For general 'sketch' OTA installs - I've done many dozens to my Generic_ESP's with no problem - even having multiples active.  Once they are running stable code they have the hardware needed to make it work - especially these newer models with a good antenna like the OAK.  That is direct from the local Arduino host however - and having the luxury of a broader test set of time and users to get where it is.

OAK factory software transition to the updated particle based - with added overhead - is more specific and probably more prone to abort/discard in case of trouble rather than any chance of bricking?

lawrie

  • Newbie
  • *
  • Posts: 6
Re: Repeated failures to do first update
« Reply #11 on: March 23, 2016, 03:15:45 am »
I flashed the latest setup firmware with a USB to TTL connector and this is the diagnostics I get:

Code: [Select]
OakBoot v1 - N,BP,2

START UPDATE ROM
WIFI
WIFI CONNECT
GO TO UPDATE
START UPDATE
HOST LOOKUP OK
PARSING HTTP HEADER
HTTP/1.1 200 OK

FILE LENGTH: 778096

START WRITING UPDATE - NO OUTPUT SHOULD BE EXPECTED FOR UP TO 120 SECONDS
./+./+./+./+./+./+./+./+./+./+./+./+./+./+./+./+./+./+./+./+./+./+./+./+./+./+./+
 ets Jan  8 2013,rst cause:4, boot mode:(3,6)

wdt reset
load 0x40100000, len 3632, room 16
tail 0
chksum 0xc0
load 0x3ffe8000, len 352, room 8
tail 8
chksum 0x82
csum 0x82

OakBoot v1 - H,BU,0

Anyone know what the rst cause 4 means?

lawrie

  • Newbie
  • *
  • Posts: 6
Re: Repeated failures to do first update
« Reply #12 on: March 23, 2016, 04:03:08 am »
@defragster: I tried the wired connection with the local server, but that made no difference.
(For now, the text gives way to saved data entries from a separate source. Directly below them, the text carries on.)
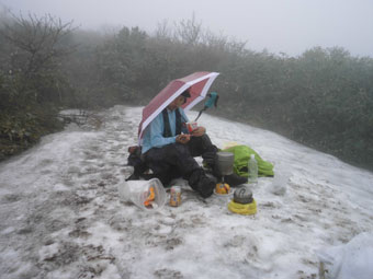 「もうちょっと・・もうちょっと・・」 の誘導には、「山ノ神」は、痺れを切らしたのか、「もうここで良い。」 と立ち止まってしまった。残雪が有り虫除けの効果が期待出来ると思ったのか、「山頂はいいです。何回も登っているから・・」 で話は決まってしまった。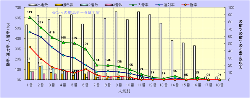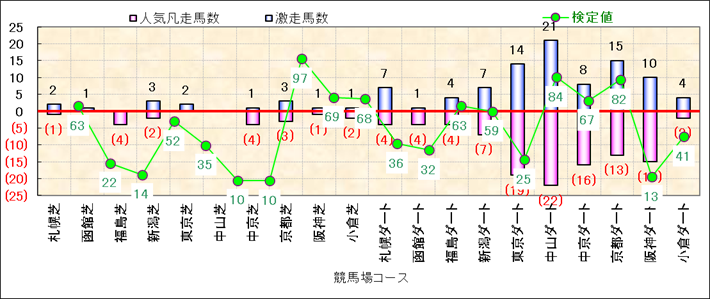 人気凡走馬:1-3番人気で着外、激走馬:5-18番人気で入着 |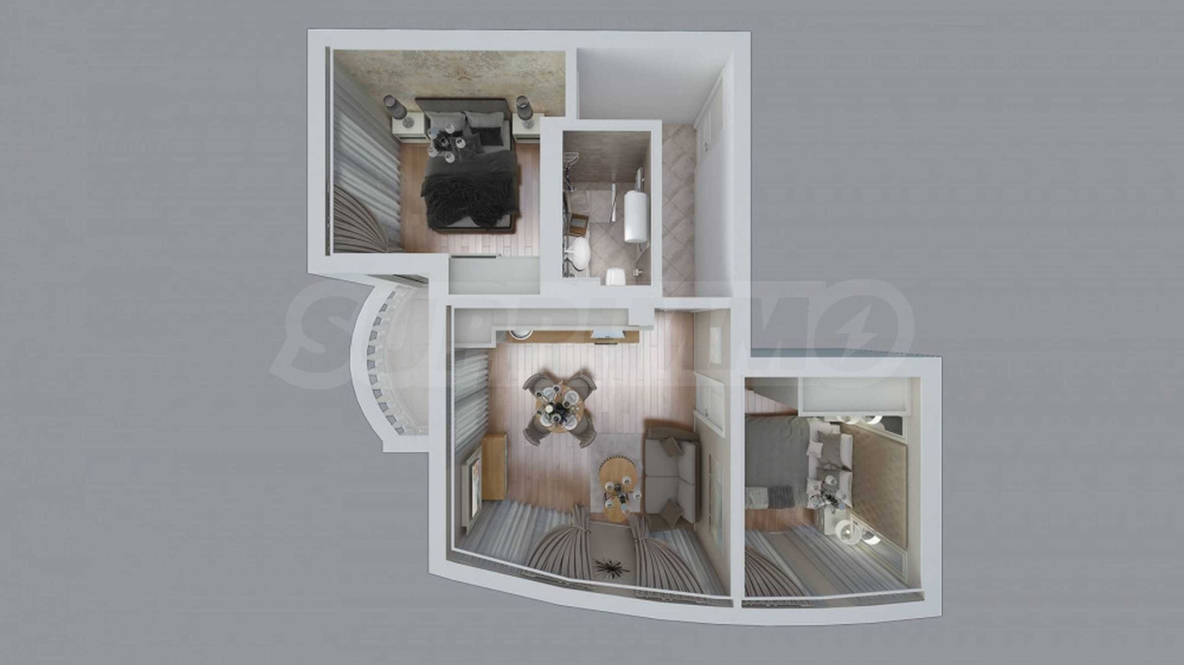 Корпус Б предлагает 10 шт. таунхаусы, студии, апартаменты с двумя и тремя спальнями, два лифта на 8 человек и роскошный вестибюль.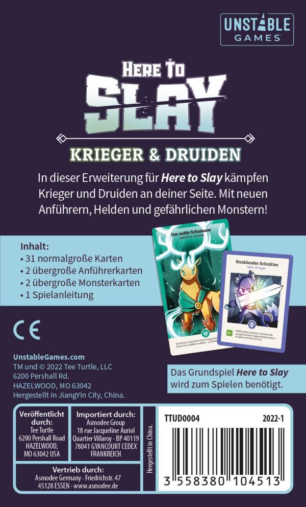 Unstable Games (2022)In dieser Erweiterung für das kompetitive Kartenspiel Here to Slay kämpfen Tiere aus den beiden neuen Klassen Krieger & Druiden an der Seite der Spieler. Mit neuen Anführern und Helden können sie ihr perfektes Team zusammenstellen, um gegen noch gefährlichere Monster anzutreten und die Sabotageversuche ihrer Widersacher zu vereiteln.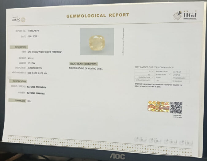 Beautiful 4.95 Cts Natural Yellow Sapphire (AAA+-Mines) sva 5+ Ratti YELLOW SAPPHIRE. Free Horoscope & Free Pundit Ji Astrological Advise / Consultation. Original Natural Lab certified gems by IGI GTL / Birth stones / Large Gem Selection of shree shubh Rashi Ratan Vedic dhan at Gem Mines. May Bhagwan Brahma, Vishnu, Shiv & Universe bless you.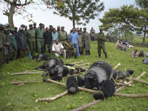 Officials look at four dead mountain gorillas that were illegally killed in the Virunga National Park in the Democratic Republic of Congo during the week of July 26 in this handout photo released by International Gorilla Conservation Programme on August 10, 2007. The silverback male and three females were shot in the southern sector of the park, which contains more than a fifth of the world's population of 700 mountain gorillas, according to World Wildlife Fund.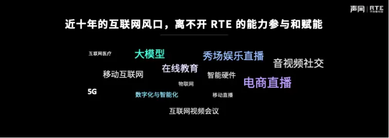 过去十年,大家熟知的互联网风口也有很多离不开RTE能力的赋能和参与。社交泛娱乐、在线教育等行业的创业风口,电商直播对电商行业格局的改变等等,其中很多都和实时互动能力的使用和进化有不可分割的关系。如今,在大模型和生成式 AI 时代,也将伴随 RTE 能力的辅助与赋能走向成熟和应用。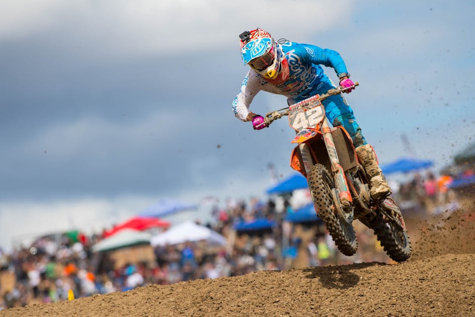 In its first year as KTM’s sole factory 250 effort, the Troy Lee Designs/Red Bull KTM team came into the season with a five-rider effort. Following Shane McElrath’s huge crash on the final lap at The Wick 338, the team is now down to just one healthy rider: Mitchell Oldenburg. Luckily, “Freckle” has made massive strides and is finding another level just when his team needs it. In the super deep, super competitive 250 class, he’s gone 7-7-8-12-8-9-6 over the last seven motos and looked to have another top ten until a crash in Southwick’s second moto led to a 29th. What’s been the secret behind his huge improvements? He told us all about it at Southwick.

@driffster: I tried about 40 times, but it was taking so long, I gave up. I took your advice and flashed the v1 update firmware with the USB to TTL connector, and I now have my first Oak connected to the particle cloud.

mspohr

  • Newbie
  • *
  • Posts: 15
Re: Repeated failures to do first update
« Reply #13 on: March 23, 2016, 09:35:13 am »
I'm stuck here also.
I've tried the standard method (with retries and the slow server) about 25 times with no success.
I've tried the oakupsrv method but for some reason it won't run on my OSX system (odd command not found message).
I've tried setting up a separate WiFi "B" access point with speed limited to 1 Meg and no encryption and this also has repeated failures.
No success.
Any suggestions?

dougal

  • Sr. Member
  • ****
  • Posts: 289
Re: Repeated failures to do first update
« Reply #14 on: March 23, 2016, 11:48:40 am »
@mspohr: Try
Code: [Select]
sudo ./oakupsrv
If you get errors, try downloading the latest OakUpdateTool source from GitHub. If you still get errors, try checking out the pull request I posted there.